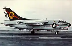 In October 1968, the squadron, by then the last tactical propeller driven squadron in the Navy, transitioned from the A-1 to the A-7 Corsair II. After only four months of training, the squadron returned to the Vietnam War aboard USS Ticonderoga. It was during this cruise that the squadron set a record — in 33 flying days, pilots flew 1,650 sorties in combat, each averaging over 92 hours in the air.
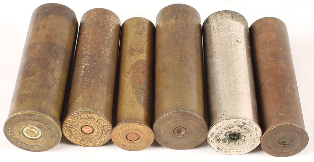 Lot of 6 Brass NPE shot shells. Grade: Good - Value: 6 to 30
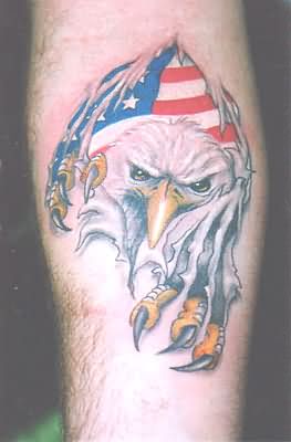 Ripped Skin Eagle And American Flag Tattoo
= = = = =
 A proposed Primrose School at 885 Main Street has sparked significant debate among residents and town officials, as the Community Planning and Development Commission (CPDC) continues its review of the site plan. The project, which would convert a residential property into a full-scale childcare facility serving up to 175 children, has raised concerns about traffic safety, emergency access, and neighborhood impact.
= = = = =
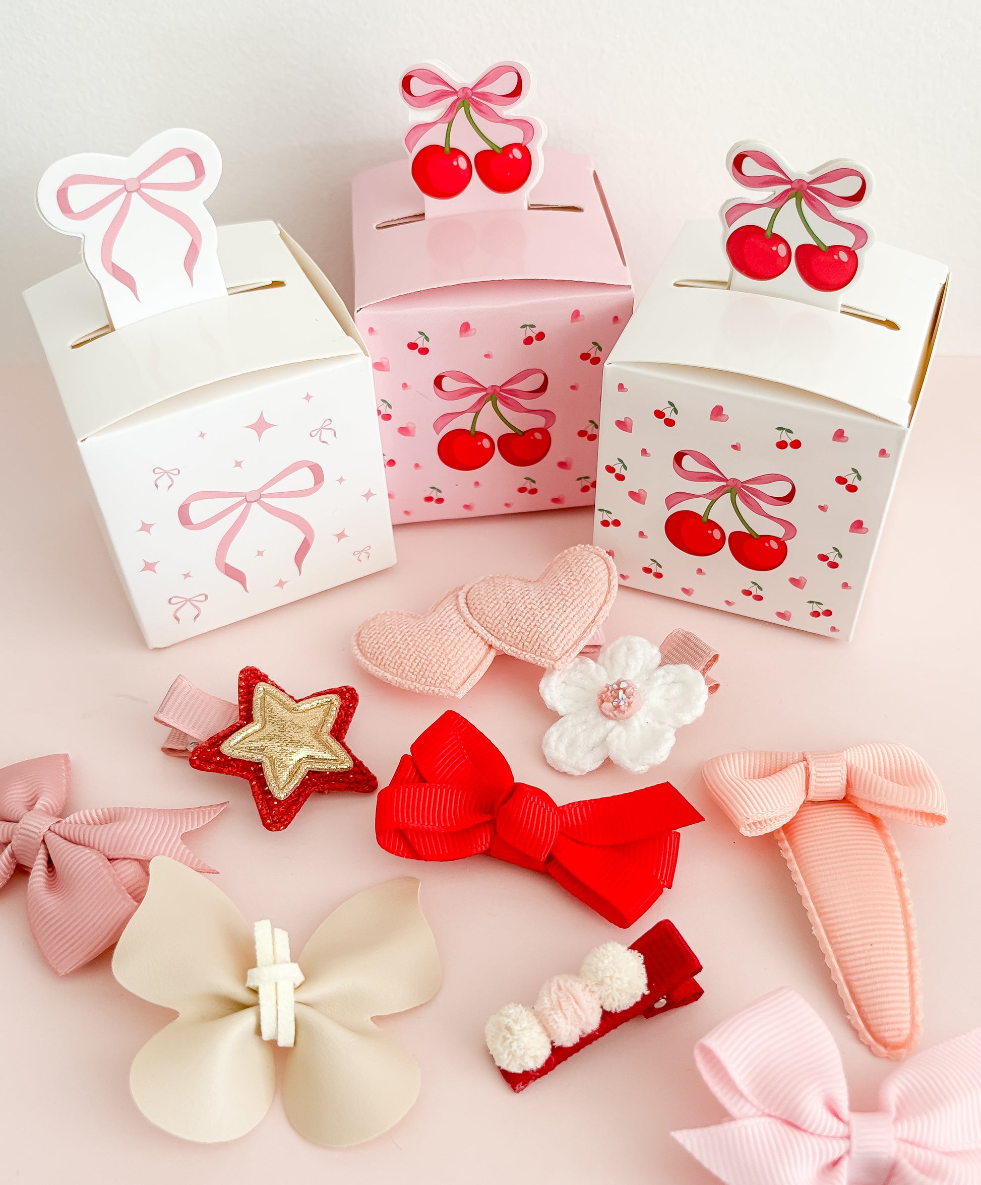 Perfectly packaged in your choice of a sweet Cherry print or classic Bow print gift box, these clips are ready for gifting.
= = = = =
### ASSIGNMENT
Above are entries with pictures among them. Write out exactly the lines from the one containing "In October 1968, the" through the one containing "Ripped Skin Eagle And American Flag Tattoo", ends included, and leave those pictures out.

### WRITTEN ANSWER
 In October 1968, the squadron, by then the last tactical propeller driven squadron in the Navy, transitioned from the A-1 to the A-7 Corsair II. After only four months of training, the squadron returned to the Vietnam War aboard USS Ticonderoga. It was during this cruise that the squadron set a record — in 33 flying days, pilots flew 1,650 sorties in combat, each averaging over 92 hours in the air.
 Lot of 6 Brass NPE shot shells. Grade: Good - Value: 6 to 30
 Ripped Skin Eagle And American Flag Tattoo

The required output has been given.